甘党のわたしは、ブラックで珈琲を飲む姿を見るたびに、なんて大人なんだろうと、うっとりとよくその姿を見つめていたものだ。
今日も、いつも待ち合わせをする喫茶店で珈琲を飲む姿は変わりなくかっこいい。
ただ、いつもと違うのは、二人の間を流れる空気だ。
季節は春になろうとし、窓から見える桜は幾つか蕾をほころばせ、こぼれる光りは暖かい。
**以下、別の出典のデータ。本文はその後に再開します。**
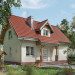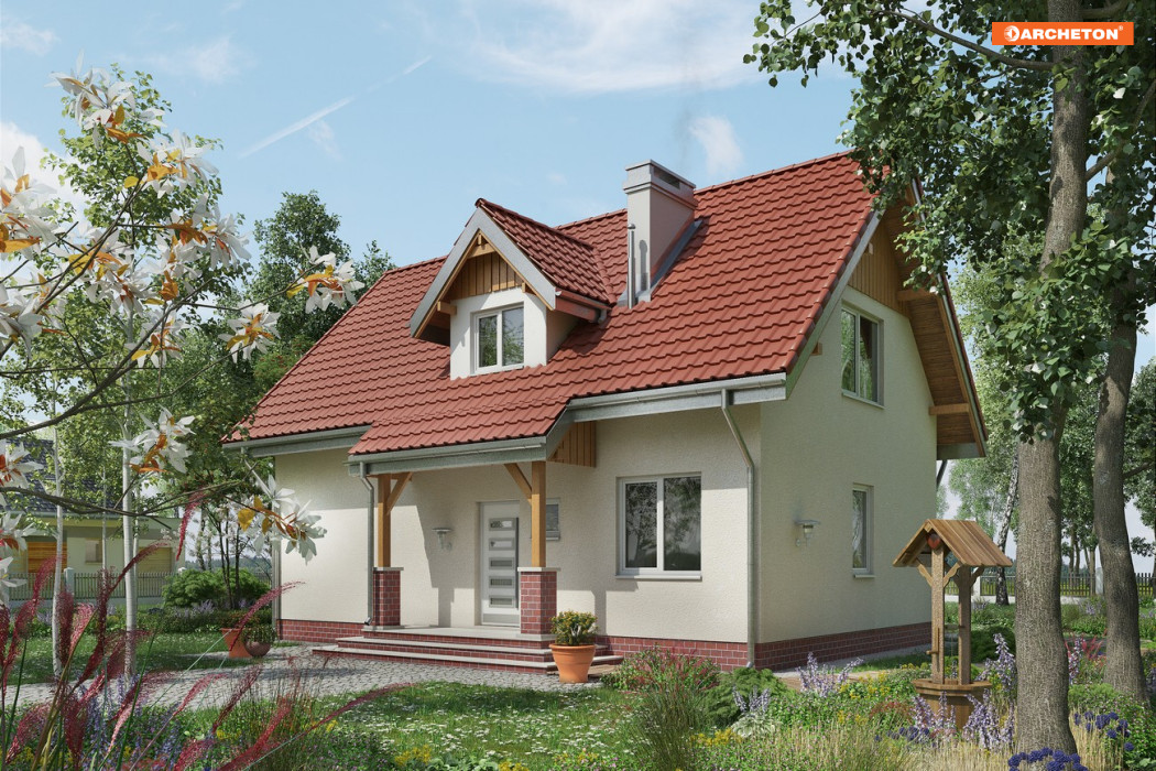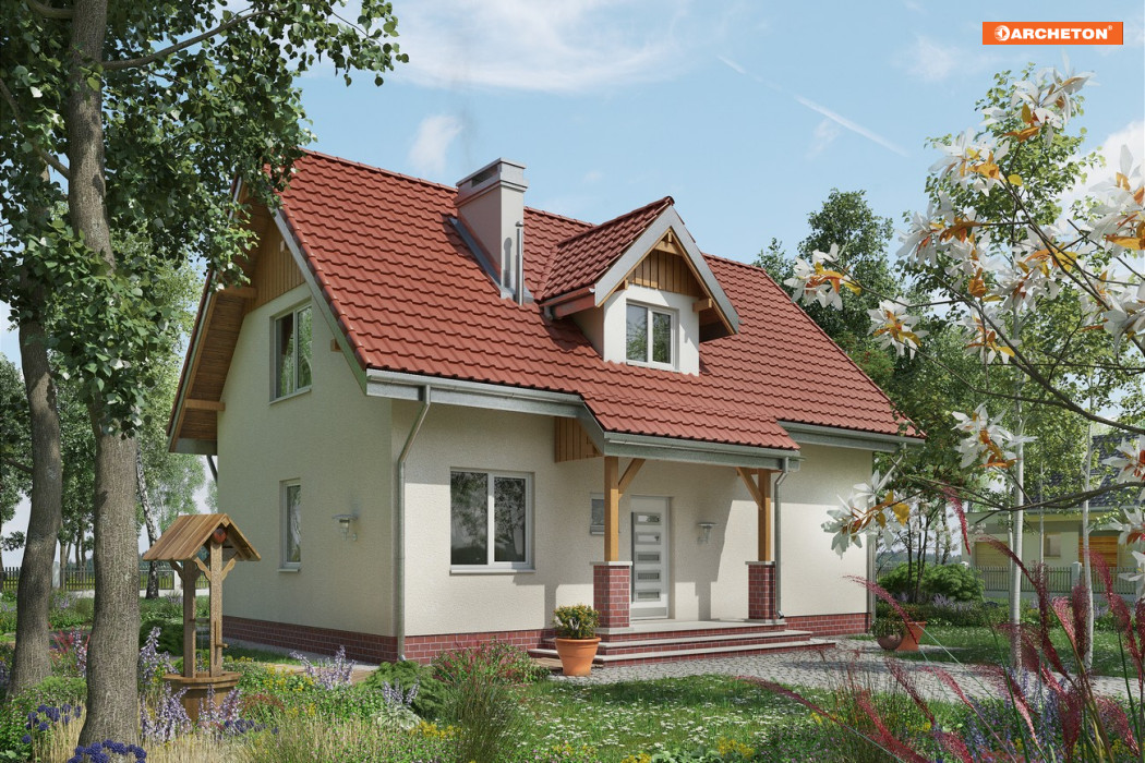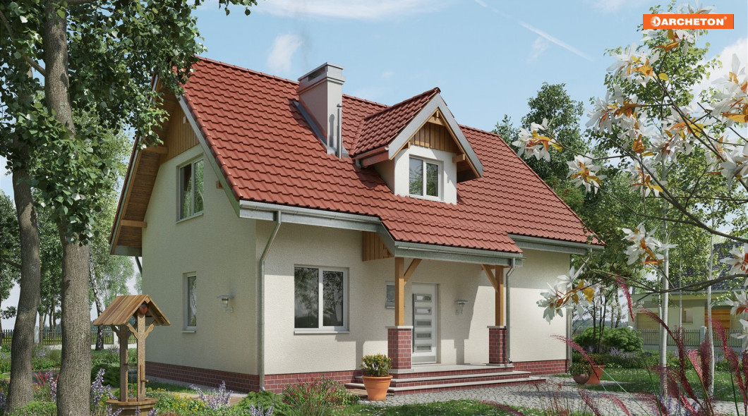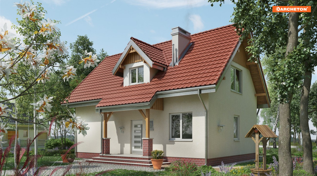 Mały, malowniczy dom przeznaczony dla 4-osobowej rodziny. Wejście przez sień do holu. Z holu dostepne są: pokój dzienny, w.c., kuchnia z jadalnią. Na poddaszu mieszczą się 3 pokoje sypialne (w tym jeden z własną garderobą) i łazienka. Zwarta energooszczędna bryła nakryta prostym dwuspadowym dachem o kącie nachylenia połaci 45°, urozmaiconym lukarną. Charakterystyczne podcienie nad wejściem i wyjściem do ogrodu.

だというのに、二人の間を流れる空気は冷やりと首筋を舐め、常であれば合う目線は今日は一度も合いはしない。
ただ、ただ、珈琲の芳ばしい香りが鼻を擽るだけだ。
「辰哉さん」と、呼びかけてみようか。
「どうして、最近連絡をくれなかったの?」と、怒ったフリして問いただしてみようか。
「このまえ、出た携帯の女の人はだれ?」と、軽やかになんでもないように尋ねてみようか。
くしゃり、と、奇妙に顔が歪む。ぐっと、歯を食いしばり、俯く。

(ああ、まるで答えの分かっている問題を、わざわざ尋ねるようなものじゃないか)

俯き、奇妙に歪んだ自分の顔は、哂っているのだろうか。泣いているのだろうか。嗚呼、それさえも自分で分からない。
ただ、時計の針の音が耳につく。
せめて、分かりきった別れを自分から綺麗に終わらせればいいのに、食いしばった口は、まるで縫い付けたようにぴたりと閉じて開きはしない。
ただわかるのは、目の前の男に、自分がどうしようもなく惚れているということだ。